E, my wife, has a lot of exes. Generally speaking, I get along with them. However, in recent conversations, she has put forth the idea of one of her exes as godmother. For E, godmother is a huge role since her own godmother is still a major person in E's life This would be why we are having this conversation even before E is actually pregnant. I do not like this proposal, which is causing tension.
Said ex I will call Q. They met; there was attraction; Q almost left her husband for E. In the end, though, Q stayed for her children and social status. Q and I get along. I have even had dinner with Mr. Q. That being said, I don't feel Q and I share the same worldview. One thing is for me not to judge another for their life choices, but another to choose that person for my own child to have a close bond with. Especially when Q and E were once involved even if only technically emotionally.
Am I an ass for not trying to concede some here? E says it's old jealousy, but I am (a) not a jealous person and (b) just feel like we could do with someone without the weird backstory.
I totally vote for somebody without the weird backstory. If godmother is a big role in the child's life for you guys it should be someone you're both comfortable with.
I'm not much for ex-drama because neither myself nor my wife has any exes of significant note. And in general I'm really not much for drama. But really...be friends with your exes, fine. Expect your spouse to not run from exes in fear, fine. But select an ex as a godmother over your spouse's wishes? Nope.
L broke up with her last ex 16y ago. They are friends on FB, but since L is on FB 3x a year, they don't communicate and we haven't seen her for 11y. She is still friends with her first ex (broke up 27y ago) and we are both friends with her on FB, she came to our wedding, and we visit her when we are in TN. My only ex wasn't a serious relationship (though very emotionally intense for me) and I really cut off contact with her since it made L uncomfortable and it was really too emotionally charged for me to really continue to communicate with her.
That being said, finding the godparent/guardian for your child should be a joint decision in which you both feel comfortable and would be comfortable raising your child should something tragic happened. This was a really difficult thing for us since we don't have family who we would want to put in this position. We ultimately chose a good friend who shares many of the same values as we do, has regular interaction with the boys, and has a great support system.
I dont know this person and I'm sorry if this comes off as judgey, but I dont think I would share the same values as someone who decided to stay in a marriage "because of the kids and social status". And someone who doesn't share my key values wouldn't be someone I choose as Godparent to my children.
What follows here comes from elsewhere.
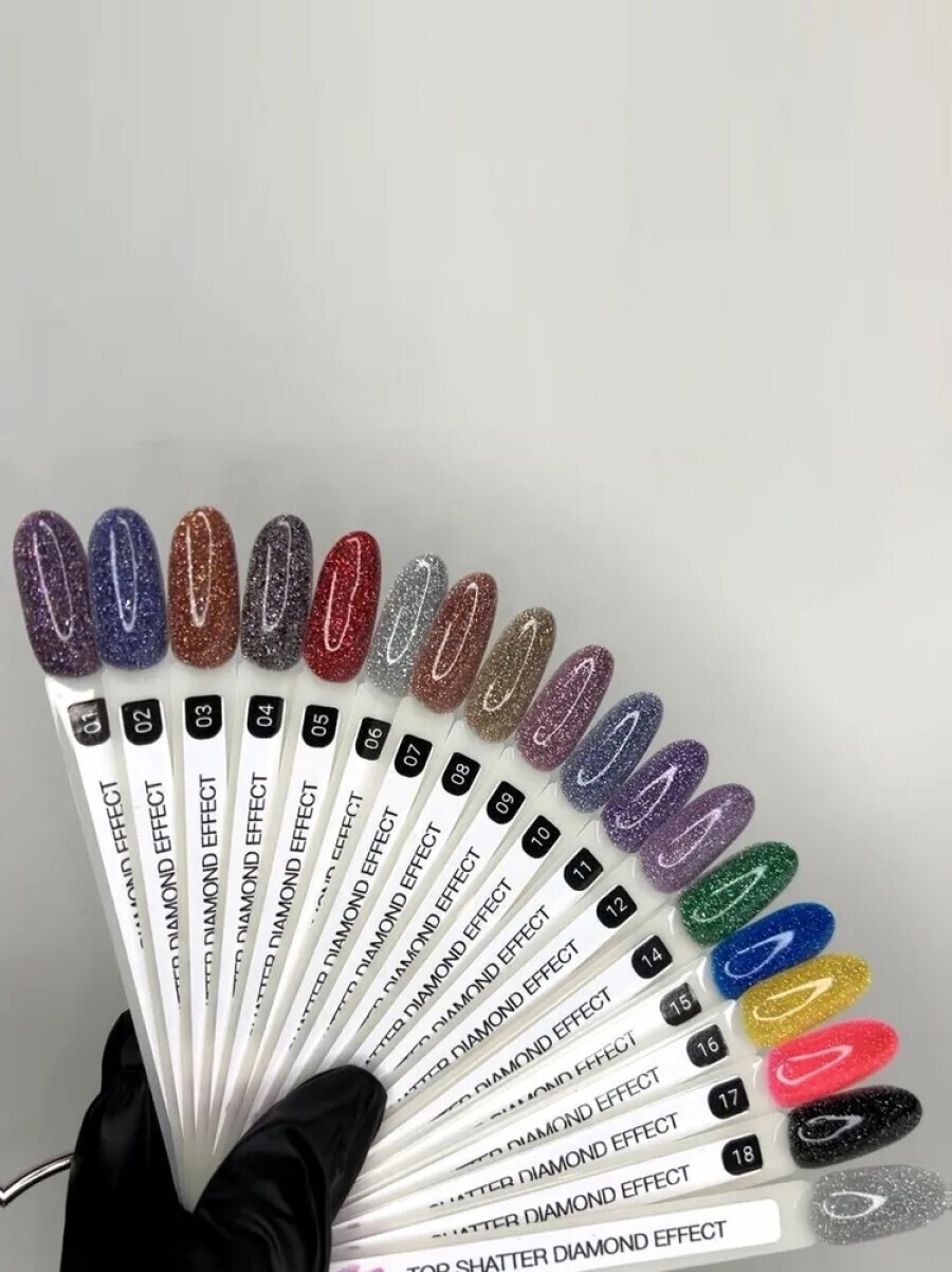 Светоотражающий гель лак имеет множество оттенков - от светлых до насыщенных ярких пигментов. Подходит для любой ногтевой пластины, как для профессионального использования, так и для домашнего применения.

I think it's important to find someone that you're BOTH happy with, and I don't think it's very fair or caring of her to try and find reasons why you should give in to her, especially when it seems like she's trying to make you feel guilty about it. That doesn't make it a decision between you, it makes it a demand by her. Ultimately it doesn't really matter what your reasons are or what the backstory is, if it's jealousy or something concrete or if it's just a feeling you have, if you aren't comfortable with her in such an important role in your child's life then you aren't comfortable. Any and all of those are valid reasons to rule her out, IMHO.
Question: why does she want Q to be godmother to your child? Has she given you reasons for this?
(To me, being a godmother is huge. I have two godchildren, 21 and 17, I love immensely. They are godparents to J. I don't think I'd ever choose an ex for that role.)
Question: why does she want Q to be godmother to your child? Has she given you reasons for this?
(To me, being a godmother is huge. I have two godchildren, 21 and 17, I love immensely. They are godparents to J. I don't think I'd ever choose an ex for that role.)
I think it's because, for E, Q seems like someone who prioritises family as strange as it sounds. And E wants someone to be godmother who is financially stable, has a good track record of caring for her children and who speaks the languages the child would speak. I see the point, but I just don't feel comfortable with Q.
We have no family, so it has to be friends, many of whom are still in school as we are and not able to care for a child, which makes it a bit more complex.